AUSTIN, Texas--(BUSINESS WIRE)--Mentor Graphics and the University of Basel joined the OpenMP Architecture Review Board (ARB), a group of leading hardware vendors, software vendors and research organizations, in creating the standard for the most popular shared-memory parallel programming model in use today.
Mentor Graphics Corporation, a Siemens business, is a world leader in electronic hardware and software design solutions, providing products, consulting services, and award-winning support for the world’s most successful electronic, semiconductor, and systems companies. Mentor’s Embedded Platform Solutions group provides software solutions that enable embedded device manufacturers to quickly design and build high quality connected devices, including those with rich user interfaces, cloud-based remote management, or requiring safety certification. Mentor also offers development services for its embedded software products and high performance compilers including open source compiler commercialization, customization and support.
“Mentor provides services to high performance computing customers to extend open source compiler support for OpenMP accelerator offload capabilities”, says Pete Decher, Director Sourcery Tools, Mentor, a Siemens Business.
The University of Basel is the oldest university in Switzerland (est. 1460). “The increase in node-level parallelism and heterogeneity render scheduling and load balancing critical for ensuring high performance in OpenMP applications”, says Florina Ciorba, Assistant Professor for High Performance Computing in the High Performance Computing Group. “We are very excited to join the OpenMP effort and work together to provide user-defined scheduling and load balancing interfaces and policies.”

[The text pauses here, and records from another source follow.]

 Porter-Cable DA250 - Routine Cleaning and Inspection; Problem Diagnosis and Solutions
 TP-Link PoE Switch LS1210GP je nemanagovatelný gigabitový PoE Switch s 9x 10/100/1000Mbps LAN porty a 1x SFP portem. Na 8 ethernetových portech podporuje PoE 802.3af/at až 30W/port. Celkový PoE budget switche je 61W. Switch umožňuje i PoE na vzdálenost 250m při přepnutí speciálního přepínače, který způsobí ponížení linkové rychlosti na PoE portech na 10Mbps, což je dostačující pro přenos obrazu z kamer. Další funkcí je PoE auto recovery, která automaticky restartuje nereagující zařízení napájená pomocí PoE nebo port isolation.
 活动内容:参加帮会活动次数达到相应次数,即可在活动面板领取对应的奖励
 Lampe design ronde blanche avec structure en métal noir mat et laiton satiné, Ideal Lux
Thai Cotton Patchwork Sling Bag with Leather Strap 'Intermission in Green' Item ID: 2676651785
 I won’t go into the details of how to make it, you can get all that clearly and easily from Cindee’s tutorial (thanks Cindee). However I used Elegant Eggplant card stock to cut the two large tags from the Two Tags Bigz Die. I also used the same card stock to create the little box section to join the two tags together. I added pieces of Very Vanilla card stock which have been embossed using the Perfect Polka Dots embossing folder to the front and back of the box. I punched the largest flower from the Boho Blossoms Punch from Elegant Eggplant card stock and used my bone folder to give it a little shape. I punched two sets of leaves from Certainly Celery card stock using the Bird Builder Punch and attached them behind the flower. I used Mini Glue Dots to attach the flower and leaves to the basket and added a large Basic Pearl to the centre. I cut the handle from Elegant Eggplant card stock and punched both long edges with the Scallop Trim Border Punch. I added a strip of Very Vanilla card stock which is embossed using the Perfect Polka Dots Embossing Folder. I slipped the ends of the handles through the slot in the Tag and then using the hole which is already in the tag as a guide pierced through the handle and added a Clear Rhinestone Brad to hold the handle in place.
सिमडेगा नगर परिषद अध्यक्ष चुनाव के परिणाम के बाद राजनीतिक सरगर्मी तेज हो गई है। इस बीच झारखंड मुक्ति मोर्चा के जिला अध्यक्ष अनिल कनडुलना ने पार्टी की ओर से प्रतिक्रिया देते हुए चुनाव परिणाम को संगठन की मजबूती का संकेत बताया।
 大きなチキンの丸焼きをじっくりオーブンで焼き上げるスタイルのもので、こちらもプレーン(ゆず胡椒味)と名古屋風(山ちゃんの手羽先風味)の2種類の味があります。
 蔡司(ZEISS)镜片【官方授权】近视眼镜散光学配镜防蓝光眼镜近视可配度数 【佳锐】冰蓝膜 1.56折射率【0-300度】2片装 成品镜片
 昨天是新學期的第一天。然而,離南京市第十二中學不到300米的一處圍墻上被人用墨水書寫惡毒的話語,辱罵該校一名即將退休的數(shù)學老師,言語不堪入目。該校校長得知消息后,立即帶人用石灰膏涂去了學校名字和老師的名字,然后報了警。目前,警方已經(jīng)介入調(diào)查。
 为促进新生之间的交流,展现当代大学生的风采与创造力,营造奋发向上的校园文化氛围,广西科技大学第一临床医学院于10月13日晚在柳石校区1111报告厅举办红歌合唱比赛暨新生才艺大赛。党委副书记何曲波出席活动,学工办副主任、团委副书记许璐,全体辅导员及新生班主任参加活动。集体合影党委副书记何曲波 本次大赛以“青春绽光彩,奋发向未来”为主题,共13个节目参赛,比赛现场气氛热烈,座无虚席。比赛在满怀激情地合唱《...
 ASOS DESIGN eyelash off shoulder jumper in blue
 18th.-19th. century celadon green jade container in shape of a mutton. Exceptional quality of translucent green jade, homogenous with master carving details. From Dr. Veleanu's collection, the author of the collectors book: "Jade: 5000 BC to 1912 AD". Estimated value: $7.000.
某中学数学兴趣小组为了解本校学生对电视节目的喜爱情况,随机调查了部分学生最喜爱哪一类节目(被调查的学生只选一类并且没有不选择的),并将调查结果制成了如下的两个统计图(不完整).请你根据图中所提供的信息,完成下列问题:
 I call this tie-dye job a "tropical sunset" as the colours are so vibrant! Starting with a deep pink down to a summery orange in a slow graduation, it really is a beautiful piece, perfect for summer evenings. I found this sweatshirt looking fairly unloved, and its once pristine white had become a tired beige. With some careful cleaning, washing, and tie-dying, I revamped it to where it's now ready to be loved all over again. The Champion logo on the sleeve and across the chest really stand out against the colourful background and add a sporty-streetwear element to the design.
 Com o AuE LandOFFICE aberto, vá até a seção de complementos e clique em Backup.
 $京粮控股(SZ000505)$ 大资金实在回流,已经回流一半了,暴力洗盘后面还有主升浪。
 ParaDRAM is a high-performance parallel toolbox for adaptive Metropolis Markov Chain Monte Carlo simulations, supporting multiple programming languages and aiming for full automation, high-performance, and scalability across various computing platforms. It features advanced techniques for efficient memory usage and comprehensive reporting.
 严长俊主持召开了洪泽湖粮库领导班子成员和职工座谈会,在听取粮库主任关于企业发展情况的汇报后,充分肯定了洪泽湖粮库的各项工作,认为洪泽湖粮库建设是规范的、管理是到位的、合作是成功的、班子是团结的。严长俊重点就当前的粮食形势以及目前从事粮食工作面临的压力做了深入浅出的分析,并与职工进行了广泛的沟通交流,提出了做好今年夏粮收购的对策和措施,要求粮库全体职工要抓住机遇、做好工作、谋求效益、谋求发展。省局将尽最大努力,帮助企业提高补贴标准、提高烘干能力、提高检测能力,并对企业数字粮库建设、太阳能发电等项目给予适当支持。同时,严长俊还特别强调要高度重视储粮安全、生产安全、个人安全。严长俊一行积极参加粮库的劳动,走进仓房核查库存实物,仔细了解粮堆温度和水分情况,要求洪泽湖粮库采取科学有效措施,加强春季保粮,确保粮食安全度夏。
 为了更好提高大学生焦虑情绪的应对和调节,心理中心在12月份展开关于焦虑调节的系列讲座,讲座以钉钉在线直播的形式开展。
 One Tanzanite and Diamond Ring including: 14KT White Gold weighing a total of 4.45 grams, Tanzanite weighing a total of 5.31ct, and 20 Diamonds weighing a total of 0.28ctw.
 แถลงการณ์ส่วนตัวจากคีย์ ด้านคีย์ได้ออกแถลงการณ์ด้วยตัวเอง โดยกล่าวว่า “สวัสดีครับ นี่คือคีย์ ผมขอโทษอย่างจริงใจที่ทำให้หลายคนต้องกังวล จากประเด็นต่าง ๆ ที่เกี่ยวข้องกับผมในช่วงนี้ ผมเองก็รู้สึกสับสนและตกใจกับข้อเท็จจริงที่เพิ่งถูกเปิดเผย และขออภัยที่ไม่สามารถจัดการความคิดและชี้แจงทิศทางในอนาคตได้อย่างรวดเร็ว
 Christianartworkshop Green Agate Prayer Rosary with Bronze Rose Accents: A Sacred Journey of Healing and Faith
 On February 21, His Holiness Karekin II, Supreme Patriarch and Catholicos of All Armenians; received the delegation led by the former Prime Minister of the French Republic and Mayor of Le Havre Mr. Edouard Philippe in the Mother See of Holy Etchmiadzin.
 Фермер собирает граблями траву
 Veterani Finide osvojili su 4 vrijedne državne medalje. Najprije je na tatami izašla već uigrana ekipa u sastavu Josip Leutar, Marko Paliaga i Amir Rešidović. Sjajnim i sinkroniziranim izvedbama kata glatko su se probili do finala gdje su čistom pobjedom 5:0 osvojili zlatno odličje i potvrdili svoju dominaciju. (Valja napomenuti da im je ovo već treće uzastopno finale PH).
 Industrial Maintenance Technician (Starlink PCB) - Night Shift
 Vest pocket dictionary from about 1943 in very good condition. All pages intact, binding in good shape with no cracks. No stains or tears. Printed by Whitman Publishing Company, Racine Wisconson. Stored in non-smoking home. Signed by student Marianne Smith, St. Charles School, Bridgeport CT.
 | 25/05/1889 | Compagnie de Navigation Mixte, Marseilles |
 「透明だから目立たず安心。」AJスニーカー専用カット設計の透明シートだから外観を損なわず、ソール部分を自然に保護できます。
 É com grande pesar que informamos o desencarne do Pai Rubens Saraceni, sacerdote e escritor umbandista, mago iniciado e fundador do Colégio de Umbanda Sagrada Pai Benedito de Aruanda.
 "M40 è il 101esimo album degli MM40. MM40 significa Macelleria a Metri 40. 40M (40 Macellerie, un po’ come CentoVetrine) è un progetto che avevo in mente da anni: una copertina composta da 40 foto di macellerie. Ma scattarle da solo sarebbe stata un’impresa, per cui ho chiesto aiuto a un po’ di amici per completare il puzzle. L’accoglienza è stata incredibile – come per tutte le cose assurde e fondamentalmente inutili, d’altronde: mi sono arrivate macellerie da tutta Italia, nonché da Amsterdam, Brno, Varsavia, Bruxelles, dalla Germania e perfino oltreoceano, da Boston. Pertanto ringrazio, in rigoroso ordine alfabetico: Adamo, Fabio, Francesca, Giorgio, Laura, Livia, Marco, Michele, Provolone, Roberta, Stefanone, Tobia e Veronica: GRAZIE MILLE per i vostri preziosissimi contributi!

“We are delighted to welcome Mentor and the University of Basel as our newest members”, says Michael Klemm, CEO of the OpenMP ARB, “Both are very active in the open source and scientific community, and underline the relevance of the OpenMP API in the HPC community.”
About OpenMP
The OpenMP ARB’s mission is to standardize directive-based, multi-language, high-level parallelism that is performant, productive, and portable. Jointly defined by a group of major computer hardware and software vendors, the OpenMP API is a portable, scalable model that provides parallel programmers with a simple and flexible interface for developing parallel applications for platforms ranging from embedded systems and accelerator devices to multi-core and shared-memory systems.